I’m now reading The Truth About the Harry Quebert Affair by Joel Dicker, a novel written in French that takes place in the US. It’s a very readable mystery about the death of a 15-year-old girl, her affair with a much older writer, and his possible involvement in her death (which only comes to light 30 years later). For some reason I missed this book when it came out a few years ago. It could easily be pared down by half but I’m finding it quite enjoyable nonetheless.
I gave up on God’s Demon, don’t quit the day job, Mr Barlowe.
Finished 101 Stumbles in the March of History: What If the Great Mistakes in War, Government, Industry, and Economics Were Not Made?, by Bill Fawcett, et al. Had some interesting parts, of which my favorite was the time Germany missed a chance to win World War I early, because they thought that tens of thousands of troops from Russia were in Britain, intending to attack Germany from the west. Turns out they were far fewer, and Scotsmen, from “Ross Shire.”
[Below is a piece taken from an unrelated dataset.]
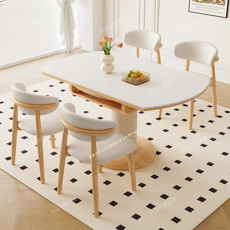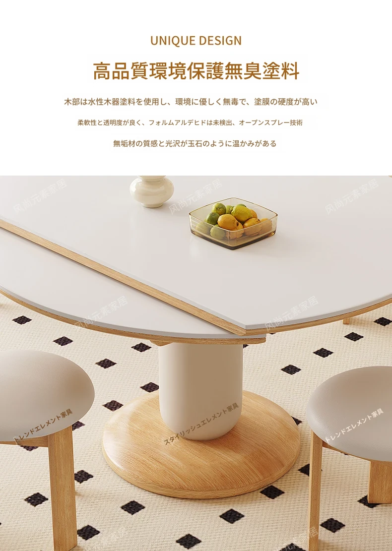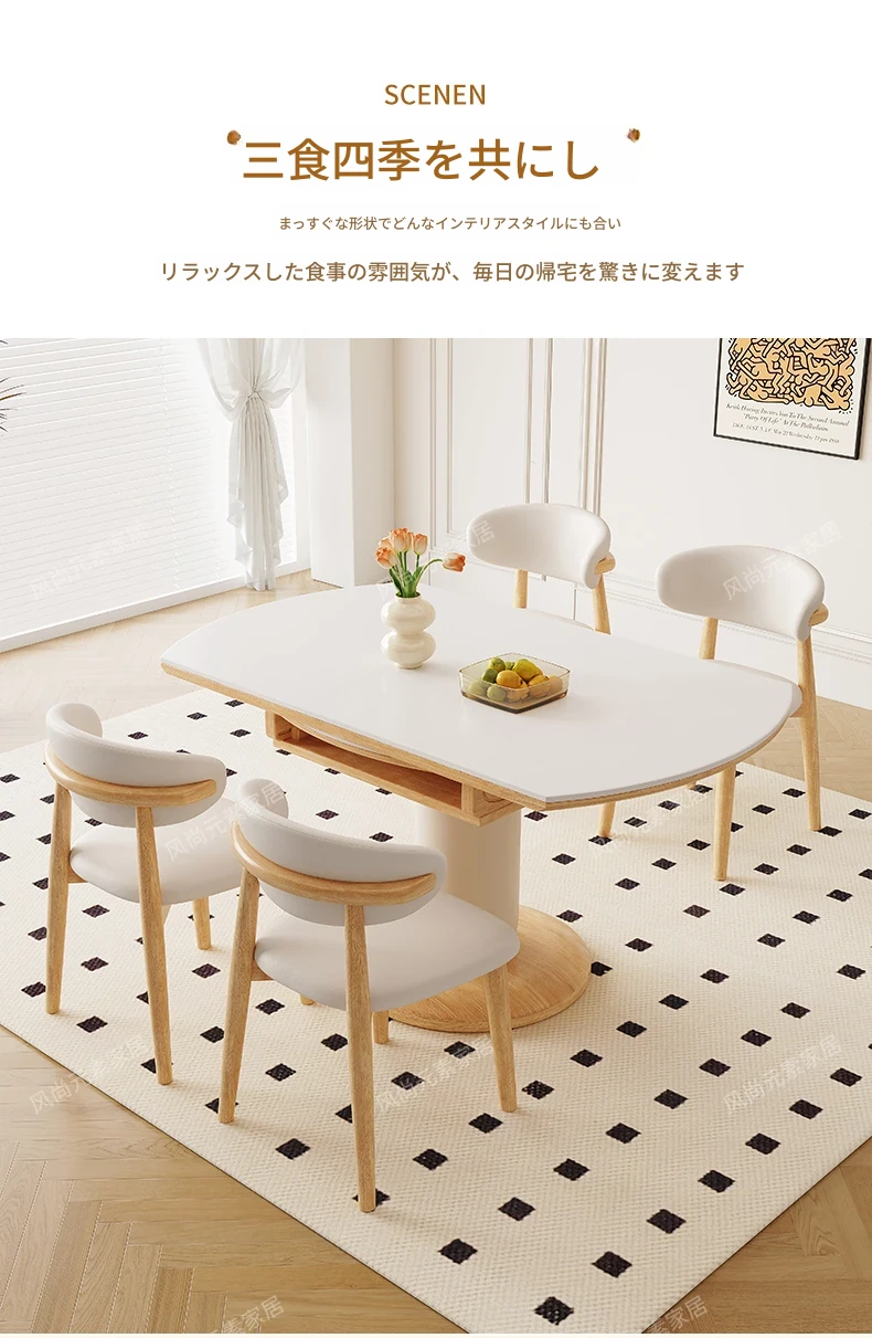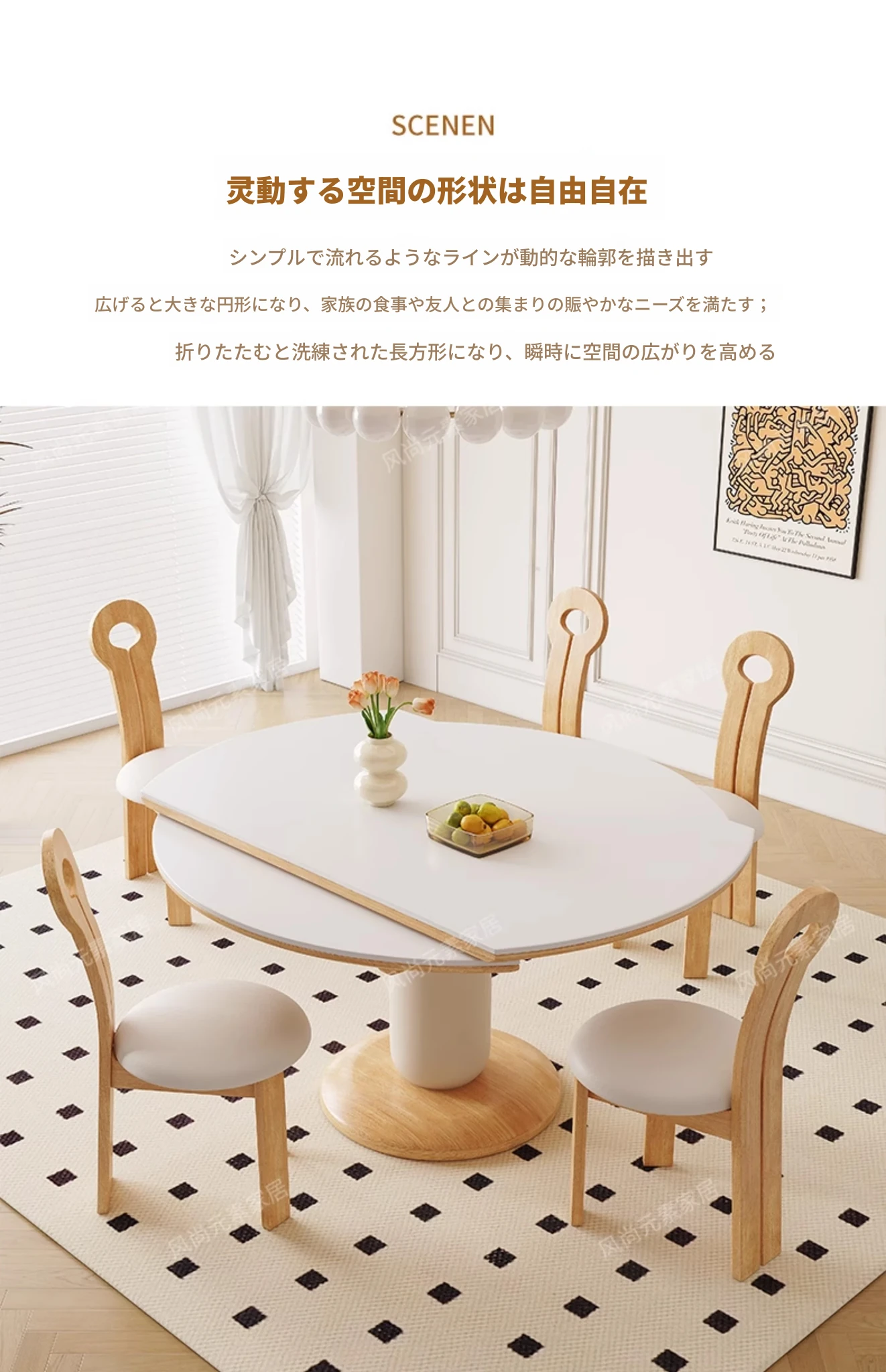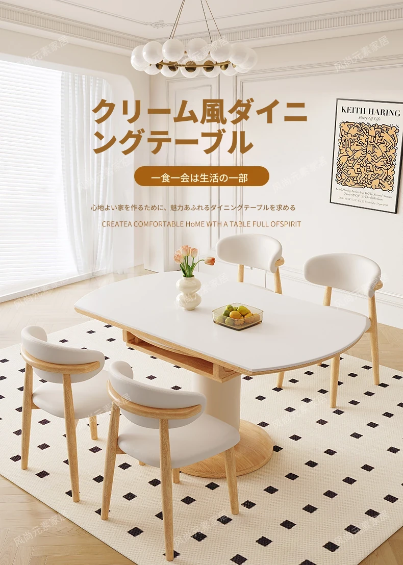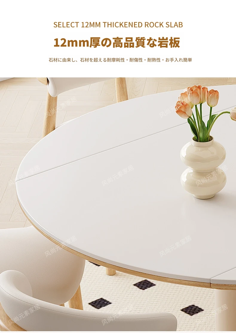 クリーム風デザインの岩板ダイニングテーブル&チェアセット|北欧モダンスタイル|四角と丸の二役をこなす伸縮可能な家庭用食卓|小さなスペースにも最適!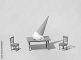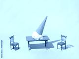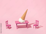 Summer creative layout with ice cream cone upside down on table with pink chairs on pastel pink background. 80s, 90s retro fashion aesthetic summer concept. Minimal pop art refresment idea.

On the other hand, Fawcett repeatedly says that if one war or another hadn’t happened, we’d be living in a “science fiction” world now. He also doesn’t seem to know about how infection diseases brought by Europeans devastated indigenous peoples even without being attacked by colonizers.
Just started Victory of Eagles by Naomi Novik.
Finished The Liberal Redneck Manifesto: Draggin ’ Dixie out of the Dark by Trae Crowder, Corey Forrester and Drew Morgan. I honestly could not say what I expected of the book but what i got was a surprisingly hard hitting look at poverty, racism and alcohol/drug abuse in the American South. The others pulled now punches talking about their own experiences while still extolling the wonders of Southern cooking, Southern music and Southern hospitality.
I finished reading Notes from Underground by Dostoevsky. It’s probably my new favourite of his works because (a) it’s relatively short, (b) it’s pretty funny in parts, and © it didn’t have any really schmaltzy parts (which are my least favourite parts of Brothers Karamazov, Crime and Punishment and The Idiot).
Sorry you didn’t like it. I think I may have been the one who recommended it here.
You might have, I don’t remember. It was just too much description and not enough plot for my taste.